Partial Correctness And Iterative Algorithms

To prove Correctness of Iterative Algorithms.
The Procedure is :
Assume Preconditions:

Derive and Prove a loop invariant (Partial Correctness)
Prove Termination
In the End Show that: Precondition + Partial Correctness + Termination implies Post-condition.

Loop Invariant is something which is True Before and End of Every loop Iteration.
We normally use induction to Prove Loop Invariant.

Termination: Loop Invariant helps us prove termination also,
To prove termination we need to come up with a sequence  which is decreasing and in the end meets termination condition, Then Use of Principle of Well Ordering to show that This sequence hits the least element of the set and loop breaks.

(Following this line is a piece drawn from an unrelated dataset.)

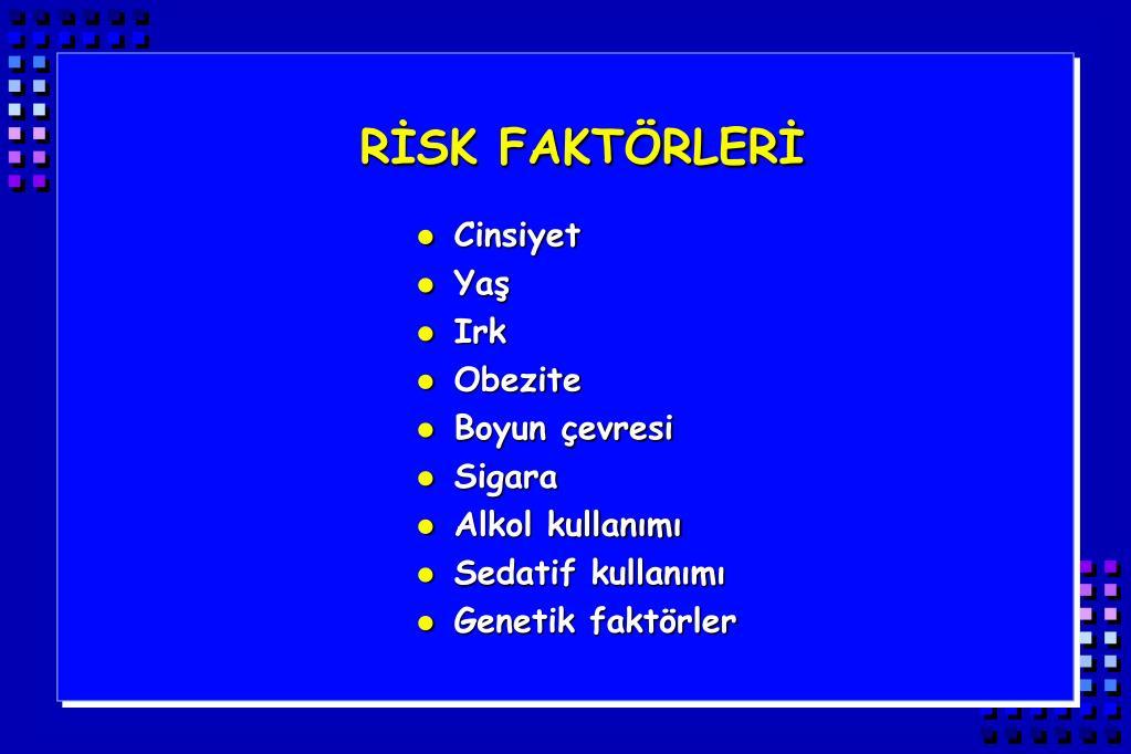 RİSK FAKTÖRLERİ Cinsiyet Yaş Irk Obezite Boyun çevresi Sigara Alkol kullanımı Sedatif kullanımı Genetik faktörler

Based on what Algorithm does, we show that output meets Post - condition.

Danny's Power algorithm example helps a lot to get the idea of proving correctness of iterative Algorithms.

Recursive Algorithm Correctness!

Next Milestone After Recurrences arrived was Proving Correctness of Algorithm...

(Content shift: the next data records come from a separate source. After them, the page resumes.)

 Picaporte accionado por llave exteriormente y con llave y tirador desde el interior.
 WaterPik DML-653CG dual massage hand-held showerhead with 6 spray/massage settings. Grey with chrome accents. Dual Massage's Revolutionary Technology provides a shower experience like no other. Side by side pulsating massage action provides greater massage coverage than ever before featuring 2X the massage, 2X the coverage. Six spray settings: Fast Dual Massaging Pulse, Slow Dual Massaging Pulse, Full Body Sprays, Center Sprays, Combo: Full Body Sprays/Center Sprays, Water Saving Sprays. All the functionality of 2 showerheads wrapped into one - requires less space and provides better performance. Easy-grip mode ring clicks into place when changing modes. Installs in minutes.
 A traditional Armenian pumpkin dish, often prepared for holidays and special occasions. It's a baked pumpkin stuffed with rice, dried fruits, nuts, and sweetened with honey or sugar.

Danny worked Through the Correctness of Binary Search Algorithm in class...
The Pre conditions of Binary Search algorithm were Straight forward, But post conditions were not, Normally Post conditions are supposed to be the desired output from the algorithm But the post conditions of Binary Search made sense on the output but were not obvious to the mind.

By doing examples from course notes The Idea Stick to the mind.
And then we realize that Recursive Algorithm correctness is far more easier, 

Assume the pre conditions Use Induction to prove Correctness leading to post conditions Fairy Simple.

Recurrences

Recurrences:

Next topic came in the course, which includes finding Time Complexity of recursive algorithms.

where we define the exact number of steps for base cases and a recurrence relation in terms of T(n) based on the algorithm for arbitrary values of  n > b, where b is a natural number.

This looked fairly simple until we got into proving upper and lower bounds of Recursive binary search

and merge sort algorithm,   To get the idea of bound for a certain Algorithm we basically unwind the recurrence based on its definition.  Normally Recursive algorithms involve Divide and conquer technique to define a recurrence, where we Split the input in two or more halves. So, then after unwinding the recurrence, we end up getting a closed form our recurrence relation.

That closed form tells us the exact bound for our algorithm.

Then we set out to prove Big O and Big Omega that bound for our recursive Algorithm.

The Proof Of Big Omega for recursive Binary search is straight forward, 

But Big O is difficult if your trying to prove it all by yourselves, it involves one trick which is not obvious and cannot be thought of easily,   Even Great researchers came to know it through trial and error.

So, I looked in to course notes, Theory of computation book, Google searches you tube videos

to understand the Big O notation for recursive binary search

and talk about Big O and Big Omega for merge sort algorithm, which both involve similar kind of trick in opposite direction.